The fair value for customer relationships was determined using the multi-period excess earnings method, a form of the income approach. Real property fair values were determined using primarily the income approach and sales comparison approach. The fair value measurements of the intangible assets are based on significant inputs not observable in the market and thus represent Level 3 measurements. The fair value estimates for the intangible assets are based on projected discounted cash flows, historical and projected financial information and attrition rates, as relevant, that market participants would consider when estimating fair values.

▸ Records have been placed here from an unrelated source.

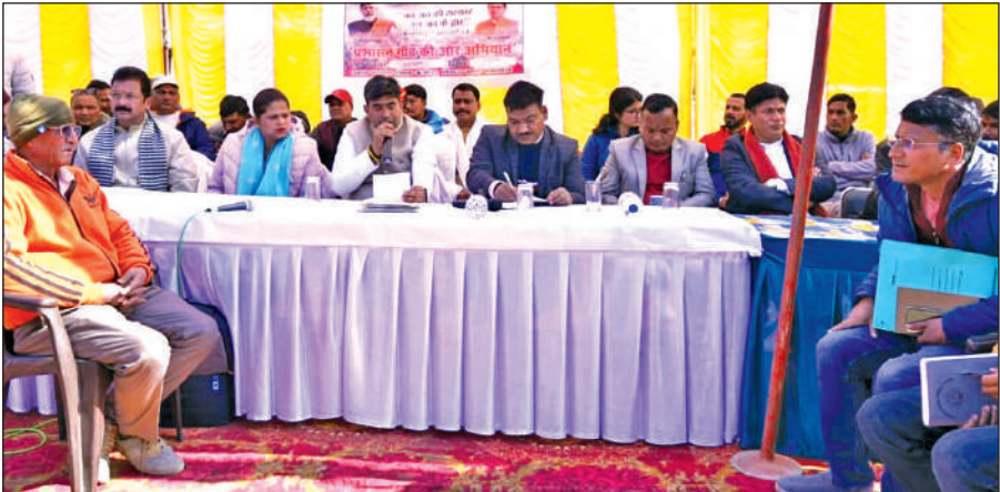
हवालबाग में आयोजित शिविर में ग्रामीणों की समस्याएं सुनते जलागम परिषद के उपाध्यक्ष।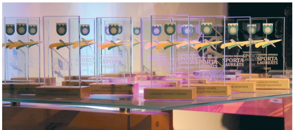
Tukuma novada Sporta laureātā tika apbalvoti sportisti 23 nominācijās

18.februārī noritēja tikšanās ar Latvijas tirdzniecības un rūpniecības kameras pārstāvjiem ar mērķi aktivizēt un dažādot sadarbības formas. Kā viena no iespējām tiek vērtēta piedalīšanās Zemgales reģiona uzņēmēju izstādēs.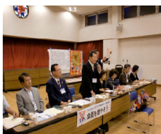
7月15日和歌山クラブ例会に 参加してEMCについてスピーチ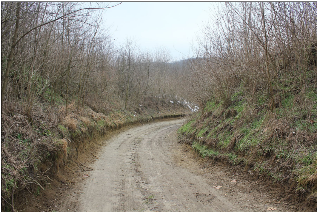
1.4. Mélyút szakasz a Barátok tava mellett elhaladó középkori út mentén. Az út a középkori (később elpusztult) Szentpéter egyházas falut és Püspökszékelyt (a mai Nagyszékelyt) kötötte össze, miközben elhaladt a mára szintén eltűnt Temerkény nevű település mellett.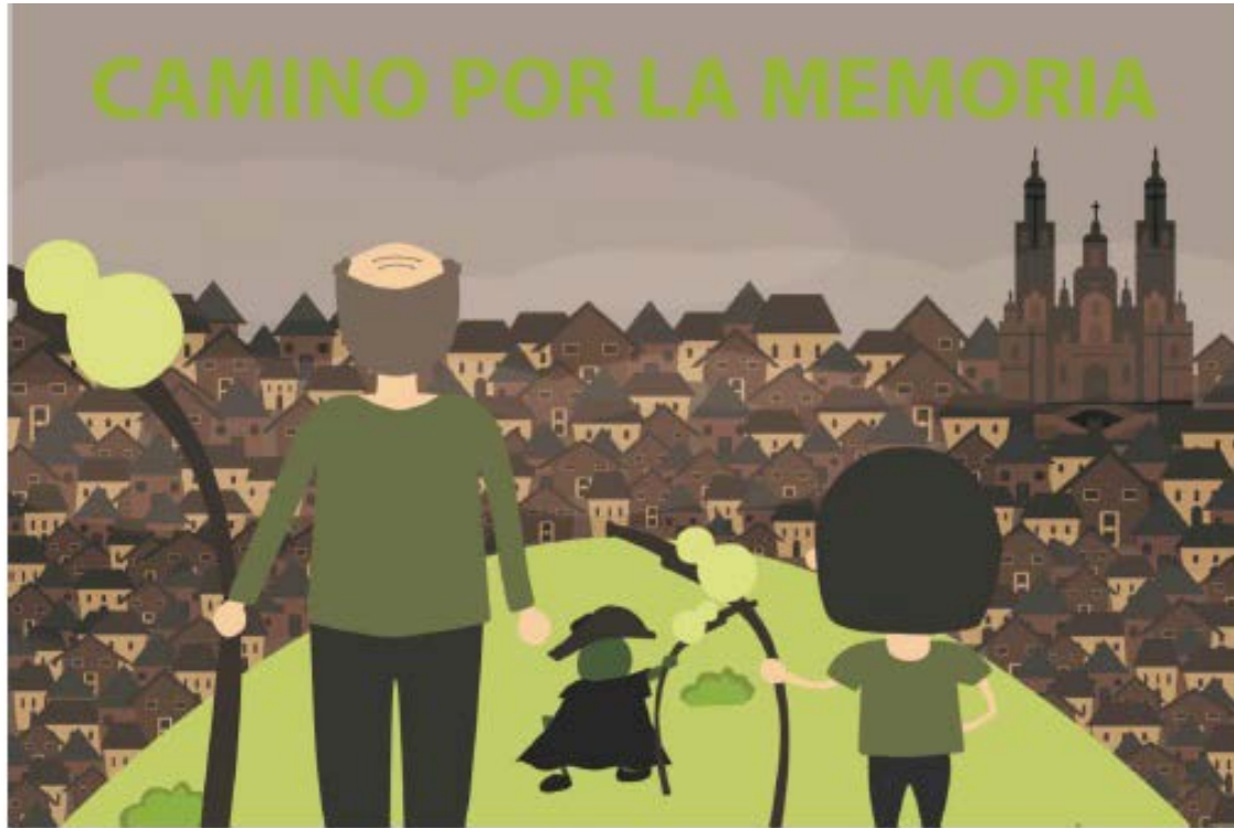
Imaxe 9. Portada do libro.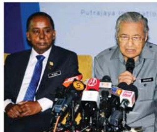
马哈迪(右)否认内阁暂停62亿令吉收购大道的献议, 左为人力资源部部长古拉。

否认内阁暂停收购大道献议 敦马:落实日期尚未决定 首相敦马哈迪否认内阁暂停以62亿令吉, 收购大道的献议。 他今天在布城国际会展中心与国际商联会举行的圆桌会议后, 针对有报道指内阁暂停财政部收购金奈大道的计划。 他说, 财政部说撤回收购大道的建议是可行, 只是政府缺乏资金, 但财政部认为实施拥堵费可以让政府筹集足够的资金来收购四条大道。 “我们得看(资金)是否足够。” 在询及收购大道是否因内阁部长的反对而喊停时? 马哈迪连连否认: “不、不、不, 没有这回事, 财政部长向内阁提出这项献 议时, 我们并没有拒绝, 只是落实日期尚未决定。” 根据新加坡《海峡时报》报道, 马来西亚中央政府包括内阁成员认为, 财政部献议以62亿令吉价格收购大道过高, 因此暂时暂停这项建议, 同时重新审查献议的价格。 财政部在今年6月宣布, 将通过发行债券的方式, 以总值62亿令吉向金奈大收购旗下4条大道特许经营权, 这个方式将不会为纳税人带来任何损失。 有关的收费大道包括白蒲大道(LDP)、西部疏散大道(SPRINT)、莎阿南大道(KE-SAS)及精明隧道(SMART)。#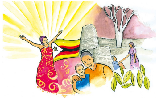
Bild: Nonhlanhla Mathe © Weltgebetstag der Frauen – Deutsches Komitee e.V.

In unserer Gemeinde wird der Weltgebetstag am 6. März im katholischen Bernhardsheim um 19.00 Uhr in Albrück gefeiert.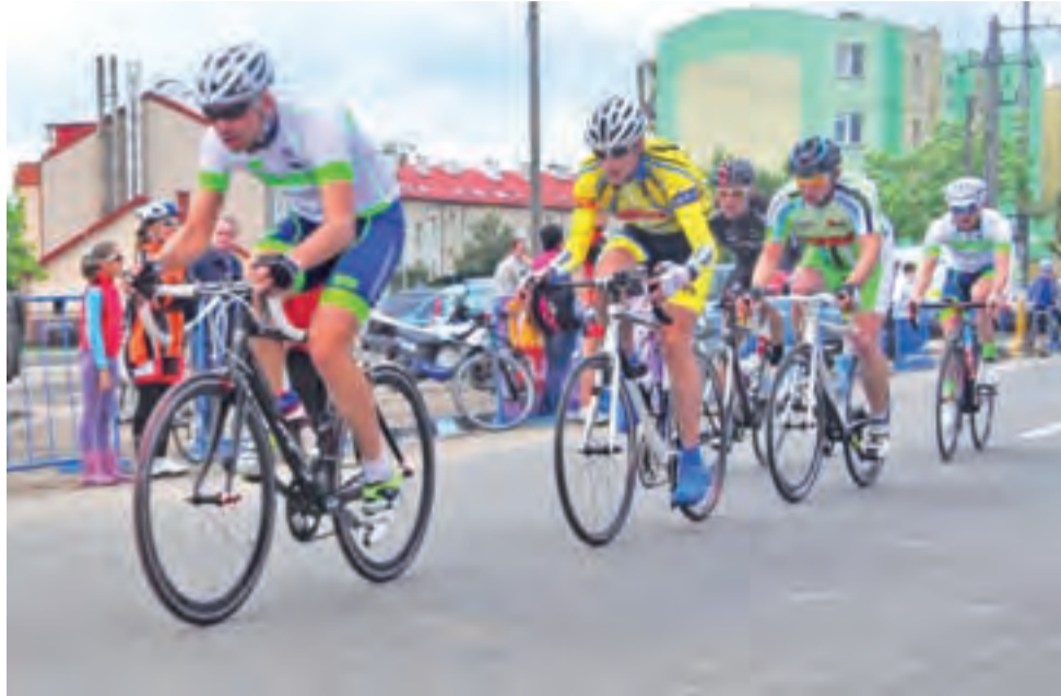
Szybka jazda kolarzy na Tour de Powiat 2014 mogła podobać się kibicom. Niestety szybko skończyło się także ściganie na drogach powiatu zgierskiego.

The following table presents supplemental unaudited pro forma consolidated sales for the fiscal year ended 2018 as if all 1,932 stores were acquired on September 1, 2016. Pro forma net earnings of the Company, assuming these purchases had occurred at the beginning of each period presented, would not be materially different from the results reported. See note 3, exit and disposal activities, for additional information. The unaudited pro forma information has been prepared for comparative purposes only and is not intended to be indicative of what the Company’s results would have been had the purchases occurred at the beginning of the periods presented or results which may occur in the future.

(in millions)
20181
Sales$135,503 
1Impacted by store closures due to the Store Optimization Program.

Actual sales from acquired Rite Aid stores for the fiscal year ended 2018 included in the Consolidated Statement of Earnings are as follows:
(in millions)2018
Sales$5,112 

The 1,932 Rite Aid stores acquired did not have a material impact on net earnings of the Company for the fiscal year ended 2018.

Other acquisitions
The Company acquired certain prescription files and related pharmacy inventory primarily in Retail Pharmacy USA for the aggregate purchase price of $258 million and $304 million during the fiscal year ended 2020 and 2019, respectively.